Exposure Compensation Experimentation

What’s the Right Exposure Compensation for a Very White Snow Goose?

As Karen and I were surveying a couple hundred Canada Geese (still looking for that elusive Cackling Goose) we spotted a Snow Goose!  Although the Snow Goose population is actually expanding to the limits of its breeding grounds (see the previous post about the Snow Goose HERE) we rarely get one here in DuPage County, IL so it was a treat to find this one.  I had to get some pictures of it.

As I raised my camera I realized that I had a problem – an almost pure-white object (the goose) against a dark background on a bright sunny day.  Usually pictures like that come out with blown-out highlights.  This means that the white feathers on the bird reflect so much light the camera records a bright white blob in some areas with no detail.  I don’t have many opportunities to experiment with all-white birds so I made the most of this one as the goose stayed out in the open fairly close to me.

I took a series of shots, adjusting the Exposure Compensation (EC) after each burst.  EC overrides the camera’s automatic exposure setting – if you adjust it to a negative EC the camera allows in less light than normal; a positive EC allows in more light.  Thinking if the camera allowed less light the images would be less likely to be overblown, I started taking pictures at  – 1 2/3 EC (typically you can adjust the EC from -3 to +3).  My thinking was that by limiting the exposure more of the detail in the white would be visible.  Below is the unprocessed image I took with the EC set to -1 2/3.  Note: for this post clicking on an image will not take you to an Individual page, as none of these images were entered into the database.
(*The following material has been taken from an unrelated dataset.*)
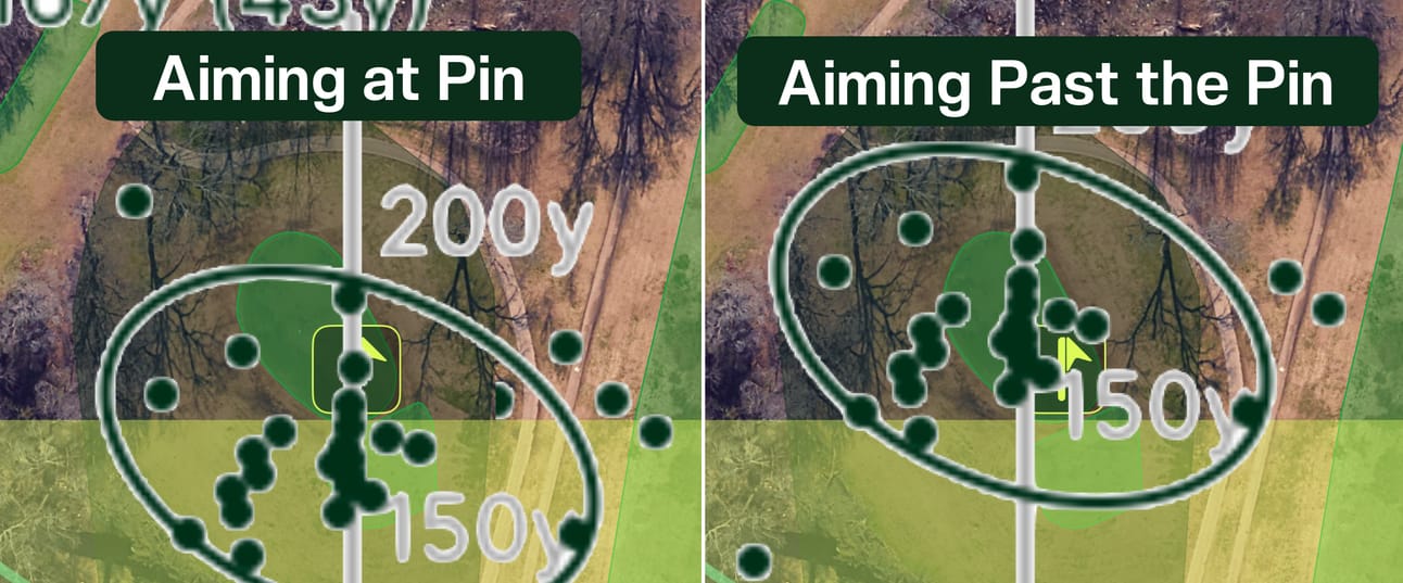 Just take a look at this example below with a front pin. If you use the pin distance as your target, almost 75% of the shot distribution is short of the green. Contrast that with the right image where the aim point is biased 10 yards past the pin and slightly left (towards the center). All of the sudden most of the shots are on the GREEN and few are short.

Note how dark the picture above looks because the EC was set so low.  I then took that same photograph and used Lightroom to increase the exposure (and adjusted few other settings).  The result is below.  Note that although the Snow Goose is looking pretty white the neck is so bright any detail there is gone (blown out); also note that the Canada Goose is somewhat dark so I really didn’t increase the Exposure setting enough.  When adjusting the Exposure setting in Lightroom, if you increase it too much noise is introduced in the entire image.  My takeaway here is that by setting the EC too low, I had to overcompensate it too much in Lightroom, producing an image with blown white highlights for the main subject (Snow Goose) and too dark for the rest of the image.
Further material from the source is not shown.